いよいよマズいぞと、結太が固唾を呑んで見守っていると、龍生は片手で額を押さえ、深々とため息をついた。
「……わかった。不本意だが、降参だ。俺も面片会に入ろう」
(やっぱそー来るかーーーーーーーッ!!)
結太は『ブルータス、おまえもか』的気分で、龍生の陥落に、ガックリと肩を落とした。
イーリスは、当然満面の笑みで、
「フフフフフっ。もちろん歓迎するわよ、秋月くん。……で、結太はどうするの?」
くるりと結太に顔を向け、不敵に笑ってみせる。『残るはおまえだけだ』と、顔に書いてあった。
「うぇっ!…………オ、オレ?」
「そーよ。結太はどーするの? 面片会、入る? 入らない?……入らないなら……」
そこで一瞬、イーリスは桃花に視線を移してから、再び結太をじっと見つめた。
まるで、『アルバイトや合コン、やるかもよ? そうしたら、当然桃花にも参加してもらうけど……放って置いていいの?』とでも、言っているかのようだ。

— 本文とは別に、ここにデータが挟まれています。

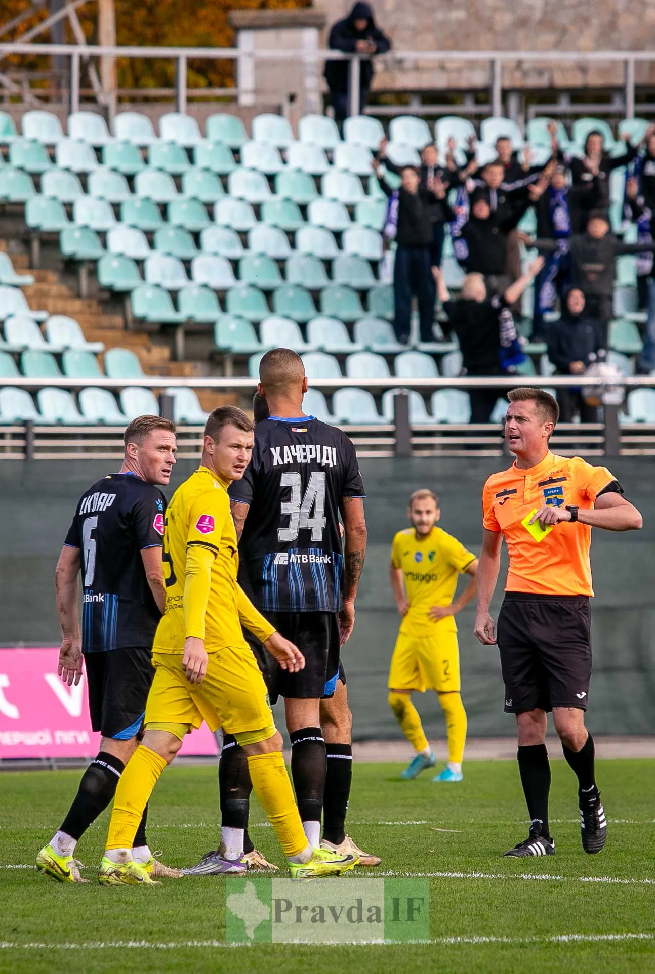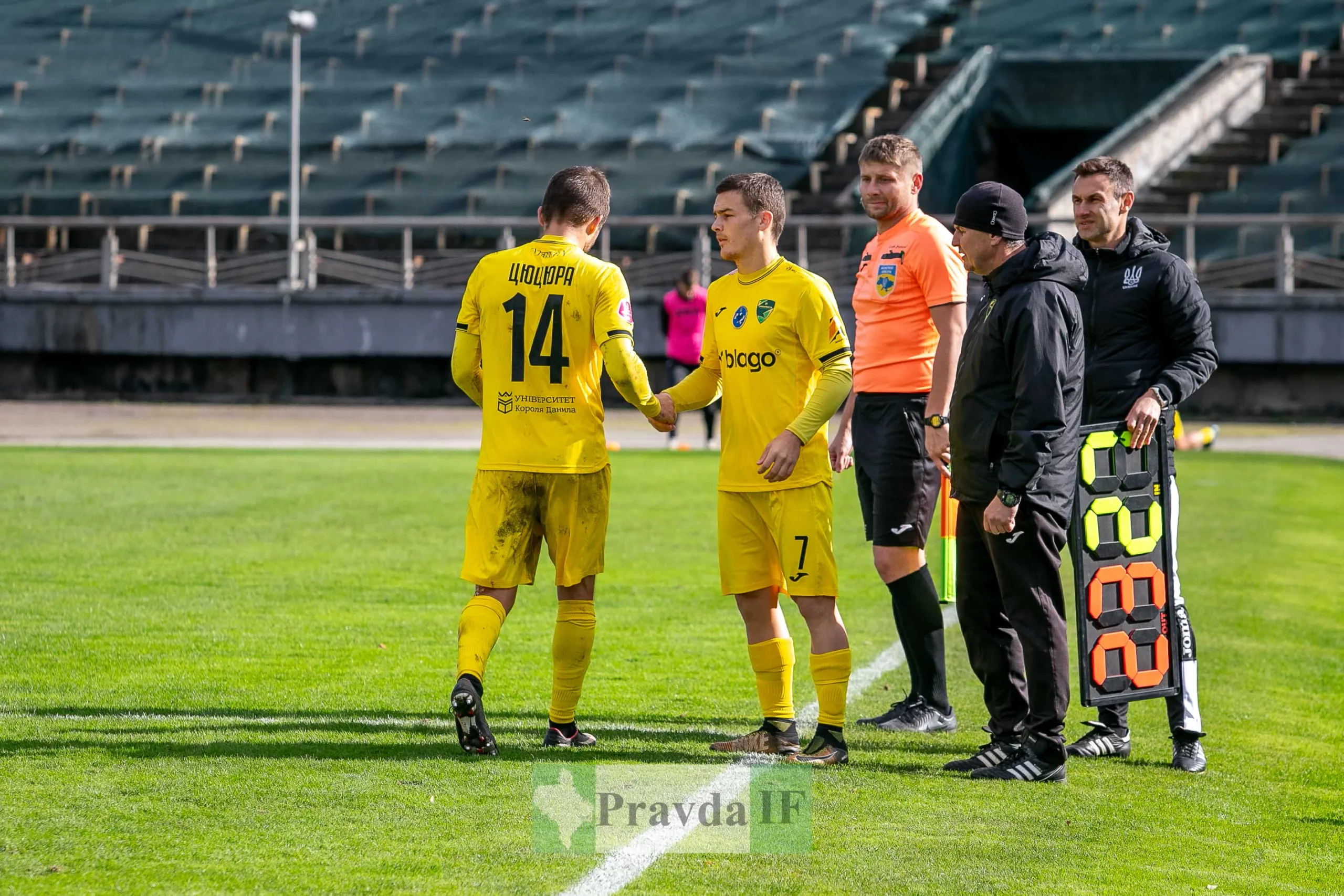Забити прикарпатцям не вдалося, але вони отримали дуже серйозну перевагу на весь залишок матчу. На фланзі мав зіткнення з уродженцем Одещини Швецем вінгер Чорноморця Герич і за міру реакції був вилучений з поля. Втрата найбільш активного гравця атаки при травмі найкращого гравця Першої ліги вересня Хобленка додала тренерському штабу гостей дуже серйозного головного болю.
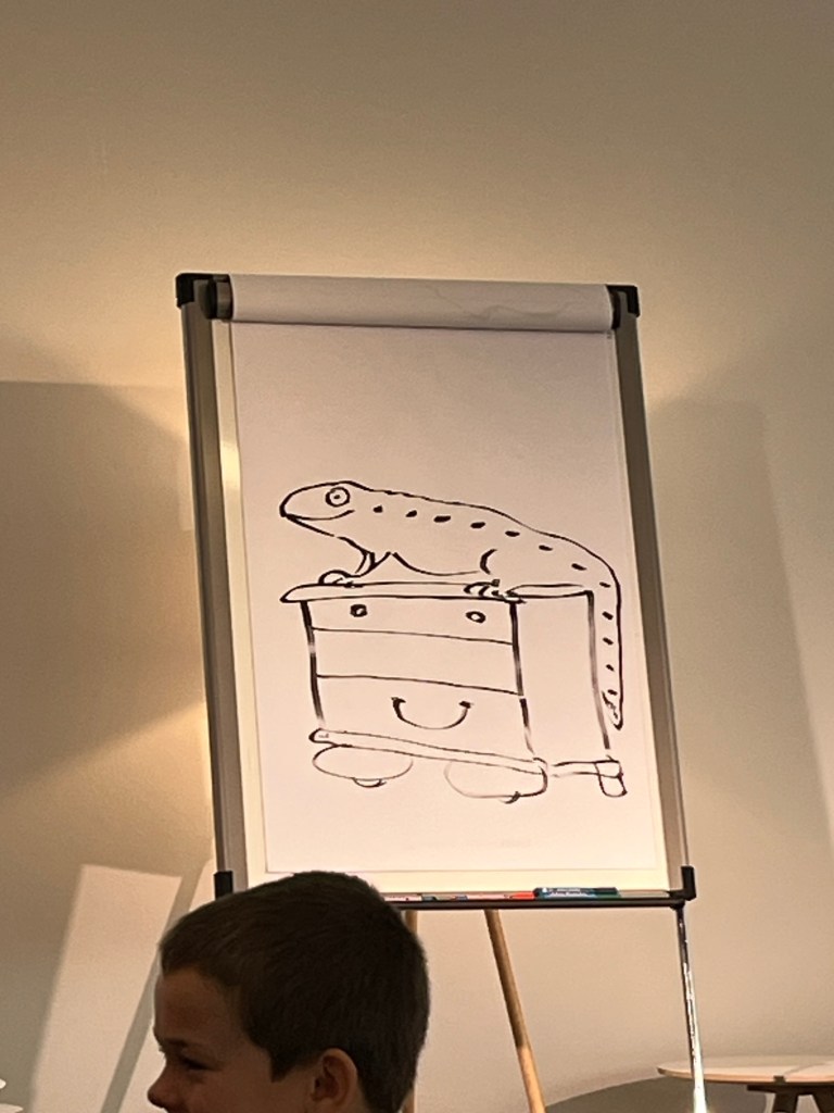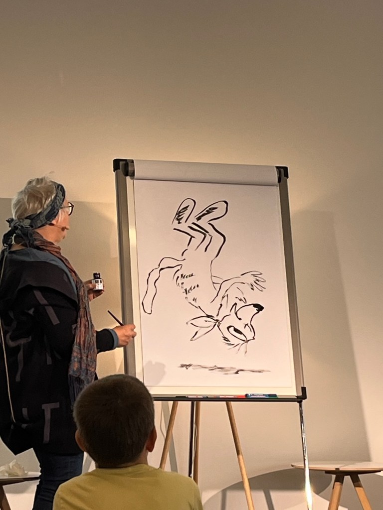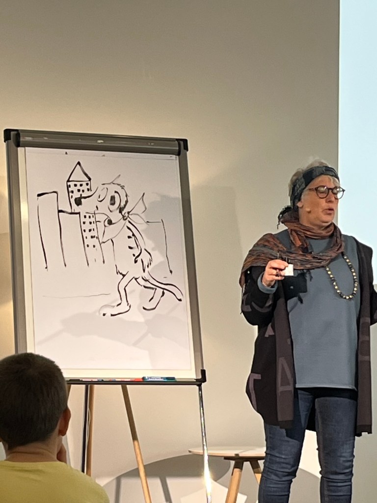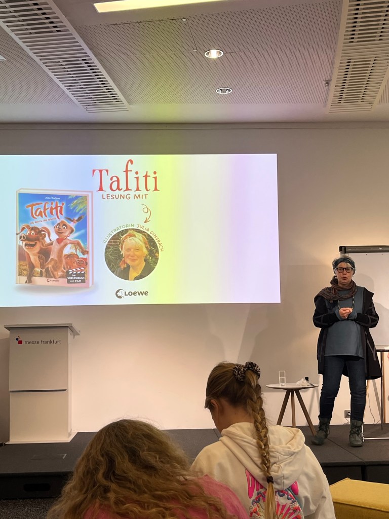 Eher zufällig landete ich bei der „Lesung“ zu dem schönen Kinderbuch Tafiti mit Julia Ginsbach. Es hätte eine Lesung werden sollen, doch die Autorin Julia Boehme war krank, sodass die Illustratorin Julie Ginsbach die Lesung übernommen hat und über die Entstehung des Buches berichtet hat und während der Erzählung auch immer wieder Bilder von Tafiti und seinen Freunden zeichnete.
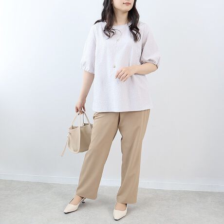 軽やかで女性らしい雰囲気を演出する、サッカー素材のブラウスが登場。
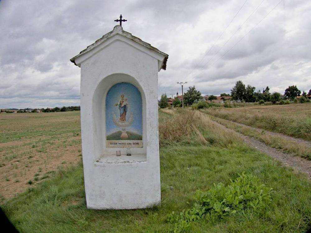 Pavlice Kaplička u polní cesty kousek od Pavlic s vyobrazením Panny Marie s Ježíšem na rukou, vznášející se na oblaku nad chrámem. Obsahuje nápis: "ZŮSTAŇ MATKOU LIDU SVÉMU"
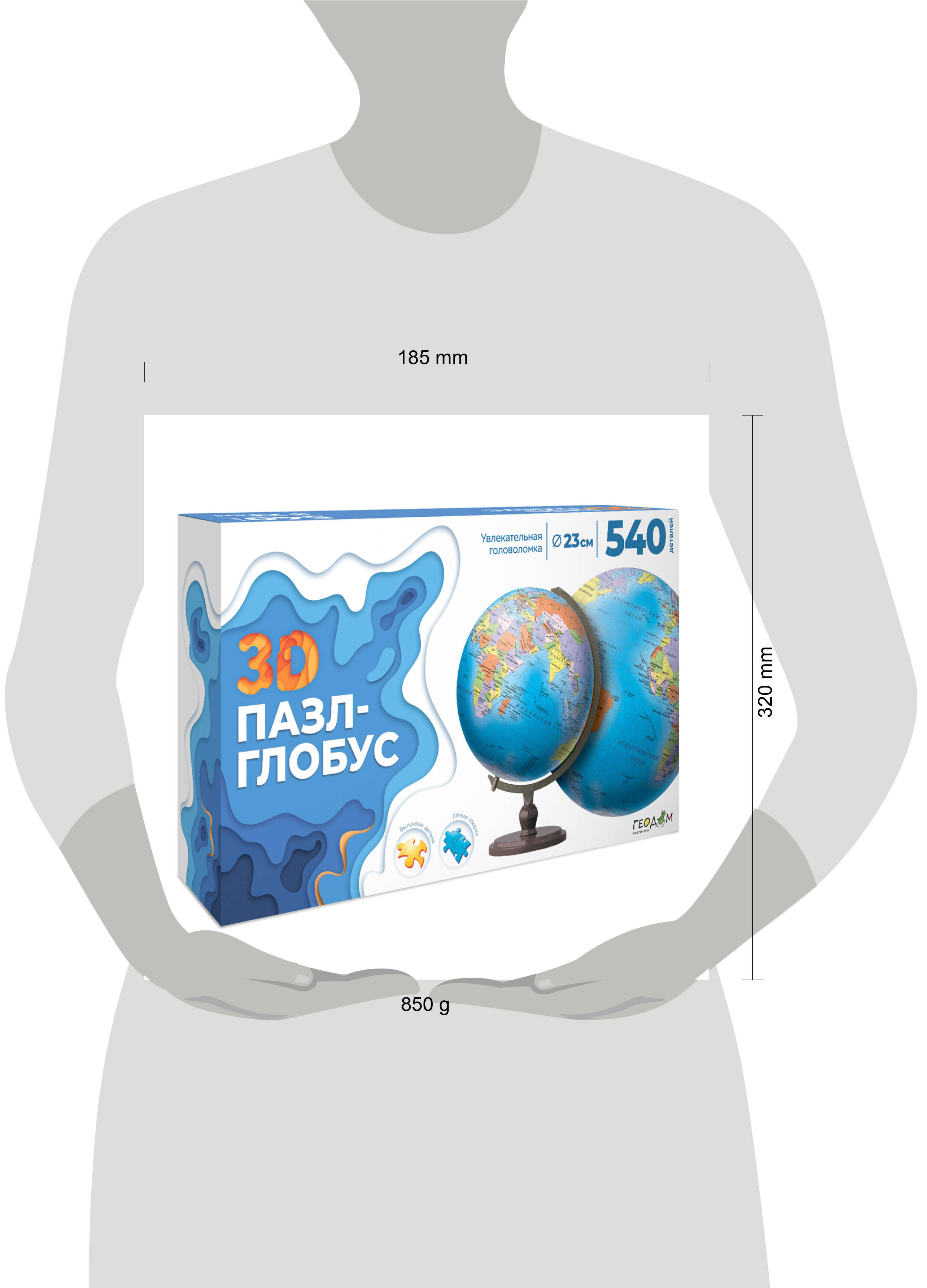 Аннотация: 3D Пазл-глобус. Мир политический. 540 деталей. Диаметр 23 см. ГЕОДОМ

結太は『う――っ』と詰まった後、しばらく目をつむって考え込んだ。
……が、いくら考えようとも、桃花のことがある限り、結太の取るべき道は、ひとつしかない。
龍生同様、大きなため息をつくと、
「あーもー、しゃーねーな。オレも入りゃいーんだろ? その、〝面片会〟とやらに……」
渋々ではあるが、結太はイーリスの誘いに乗った。
「やったぁ!! これでめでたく、五人揃って活動出来るわねっ」
体の前で、両手をパンと打ち鳴らし、イーリスは嬉しそうに微笑む。
まんまと彼女の策略にハマってしまった面々は、それぞれ顔を見合わせ、諦めの境地を意味するかのような、弱々しい苦笑を浮かべた。